··· Exercise data

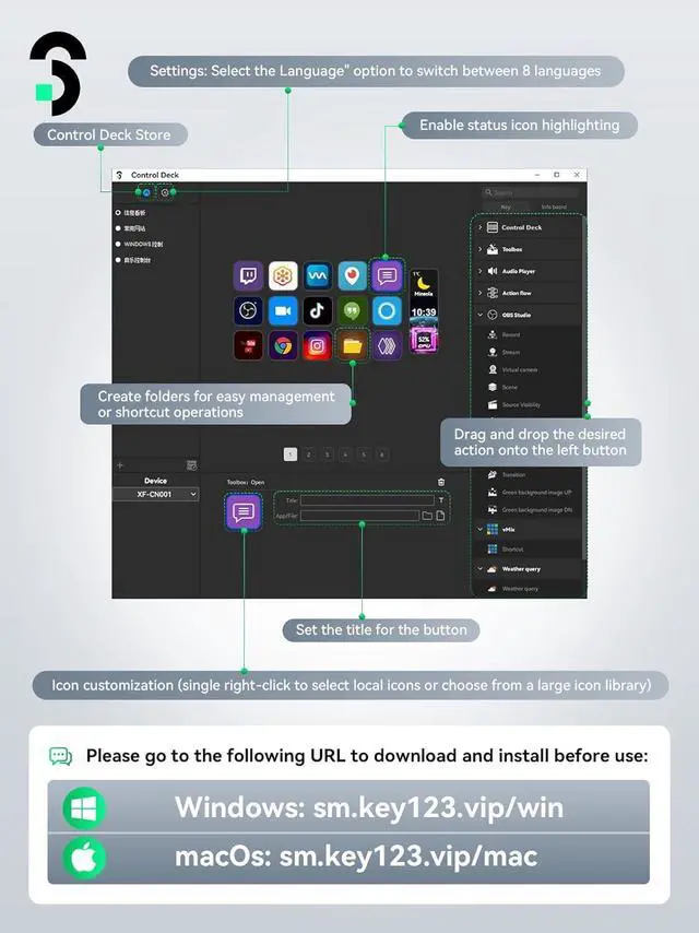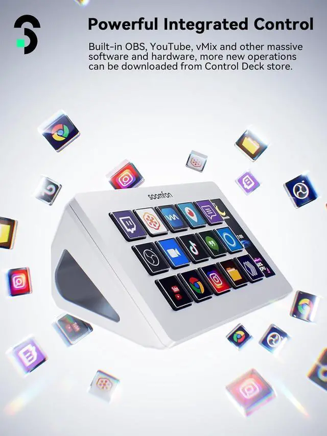 Intelligent design and user-friendlyThe SOOMFON Studio Control Deck comes with a removable stand that allows you to customize it to your needs. You can lay it flat on the stand and connect it to your computer via USB. The bottom of the Stream Controller has rubber feet so that it won't slide around on your desktop, even when you're not using the stand.
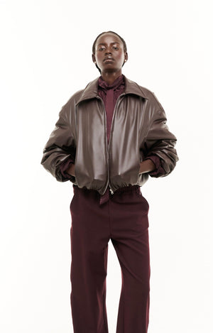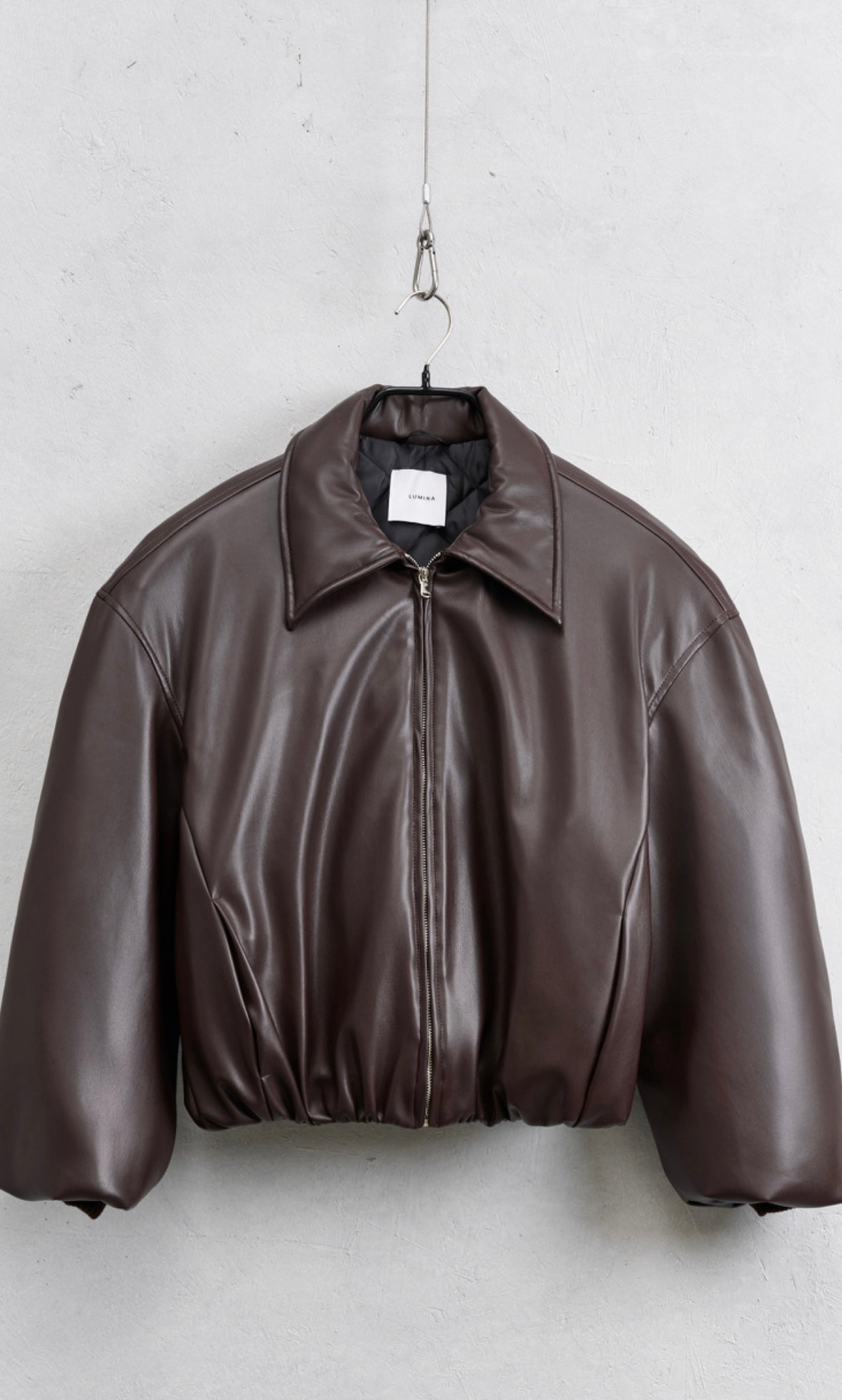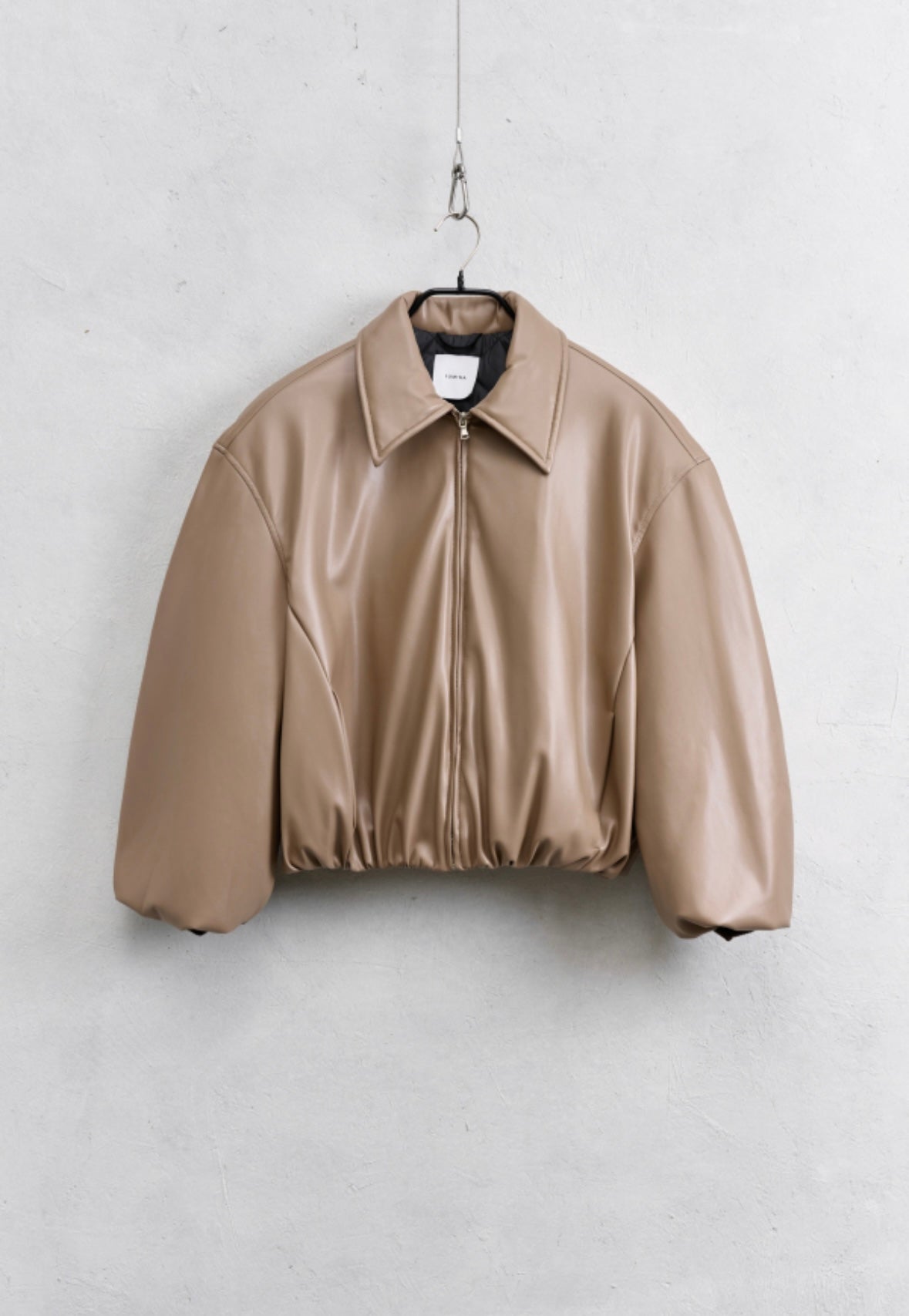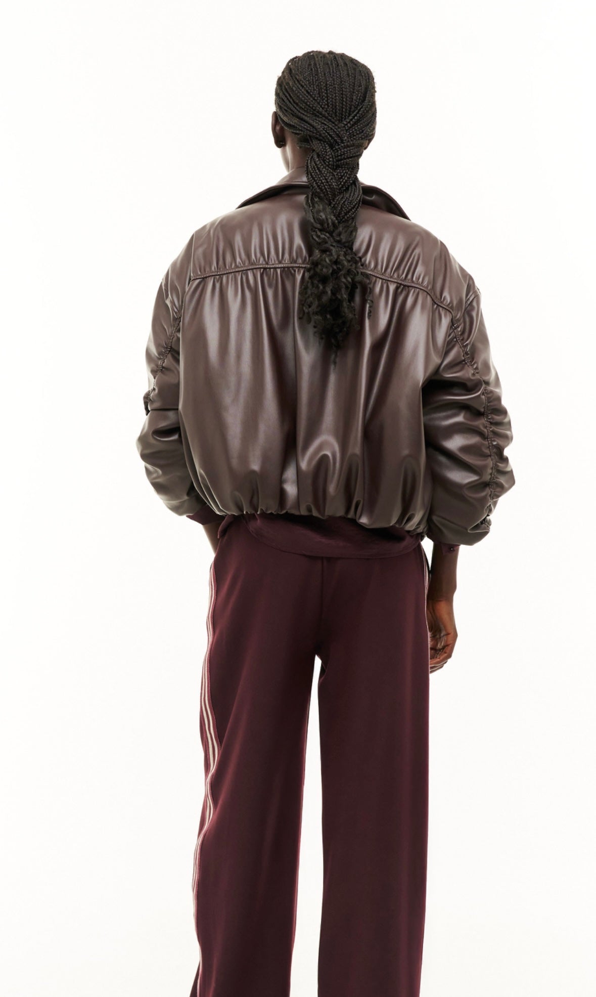 Bomber in eco-pelle.Colletto a revers.Chiusura frontale con cerniera.Pinces anteriori.Elastico sull'orlo.Fit regolare,
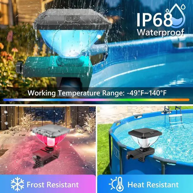 Timed Convenience & Memory Function: The default 5-hour auto-off timer ensures the solar powered pool light switches off when you need it to, hassle-free & energy-efficient. With memory function, set your own light once, enjoy fantastic free all the time
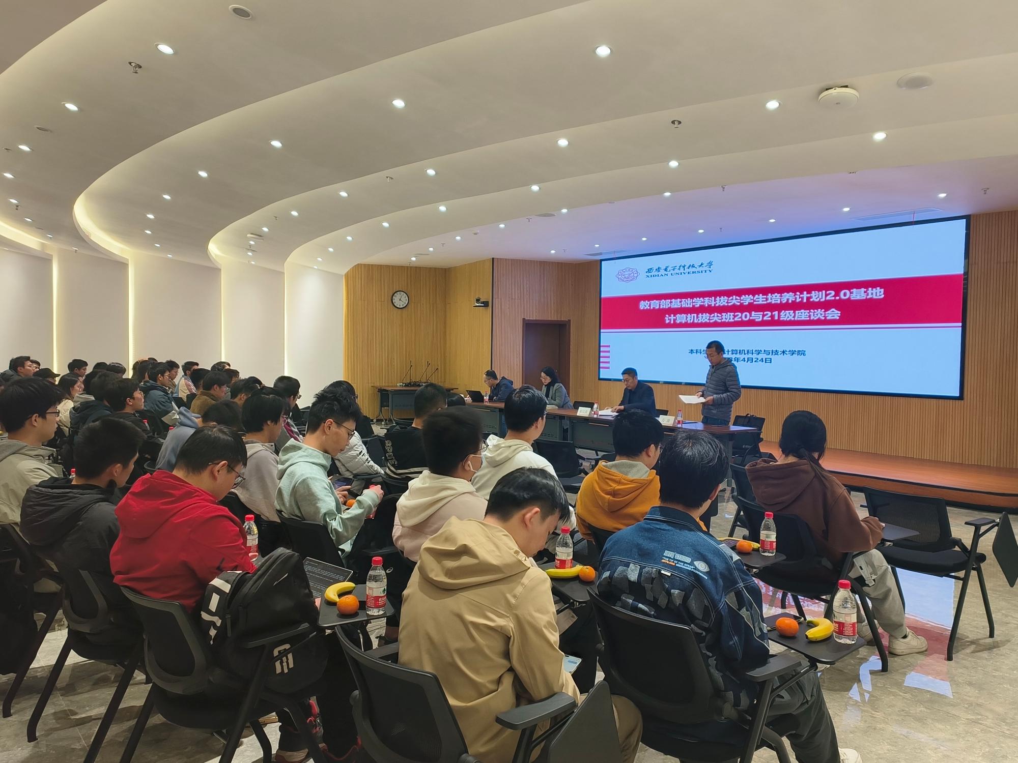 (通讯员 王小兵)为贯彻落实“全面提高人才自主培养质量,着力造就拔尖创新人才”二十大精神,根据学校第十三次党代会拔尖创新人才培养工作部署,4月24日下午4点,计算机拔尖班2020级与2021级学生座谈会在南校区网安大楼会议中心103报告厅召开。本科生院副处长杨敏,kaiyun登录中国入口登录执行院长崔江涛,副院长万波,计算机拔尖班负责人王小兵参加。本次座谈会由kaiyun登录中国入口登录与本科生院共同举办,旨在深入调研拔尖班特性需求,全面落实立德树人根本任务,推进学校拔尖创新人才培养工作,提高人才自主培养质量,打造“不设天花板”的拔尖人才培养空间。
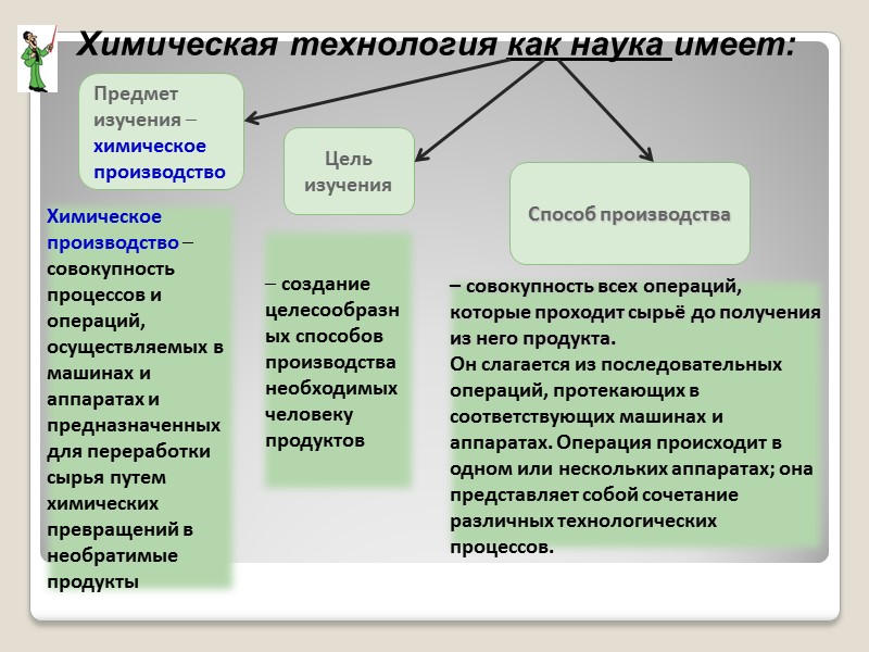 Химическая технология как наука имеет: Предмет изучения – химическое производство Химическое производство – совокупность процессов и операций, осуществляемых в машинах и аппаратах и предназначенных для переработки сырья путем химических превращений в необратимые продукты Цель изучения Способ производства – создание целесообразных способов производства необходимых человеку продуктов – совокупность всех операций, которые проходит сырьё до получения из него продукта. Он слагается из последовательных операций, протекающих в соответствующих машинах и аппаратах. Операция происходит в одном или нескольких аппаратах; она представляет собой сочетание различных технологических процессов.

······

Retype all records exactly as shown above, images excluded.

## Task response
 Intelligent design and user-friendlyThe SOOMFON Studio Control Deck comes with a removable stand that allows you to customize it to your needs. You can lay it flat on the stand and connect it to your computer via USB. The bottom of the Stream Controller has rubber feet so that it won't slide around on your desktop, even when you're not using the stand.
 Bomber in eco-pelle.Colletto a revers.Chiusura frontale con cerniera.Pinces anteriori.Elastico sull'orlo.Fit regolare,
 Timed Convenience & Memory Function: The default 5-hour auto-off timer ensures the solar powered pool light switches off when you need it to, hassle-free & energy-efficient. With memory function, set your own light once, enjoy fantastic free all the time
 (通讯员 王小兵)为贯彻落实“全面提高人才自主培养质量,着力造就拔尖创新人才”二十大精神,根据学校第十三次党代会拔尖创新人才培养工作部署,4月24日下午4点,计算机拔尖班2020级与2021级学生座谈会在南校区网安大楼会议中心103报告厅召开。本科生院副处长杨敏,kaiyun登录中国入口登录执行院长崔江涛,副院长万波,计算机拔尖班负责人王小兵参加。本次座谈会由kaiyun登录中国入口登录与本科生院共同举办,旨在深入调研拔尖班特性需求,全面落实立德树人根本任务,推进学校拔尖创新人才培养工作,提高人才自主培养质量,打造“不设天花板”的拔尖人才培养空间。
 Химическая технология как наука имеет: Предмет изучения – химическое производство Химическое производство – совокупность процессов и операций, осуществляемых в машинах и аппаратах и предназначенных для переработки сырья путем химических превращений в необратимые продукты Цель изучения Способ производства – создание целесообразных способов производства необходимых человеку продуктов – совокупность всех операций, которые проходит сырьё до получения из него продукта. Он слагается из последовательных операций, протекающих в соответствующих машинах и аппаратах. Операция происходит в одном или нескольких аппаратах; она представляет собой сочетание различных технологических процессов.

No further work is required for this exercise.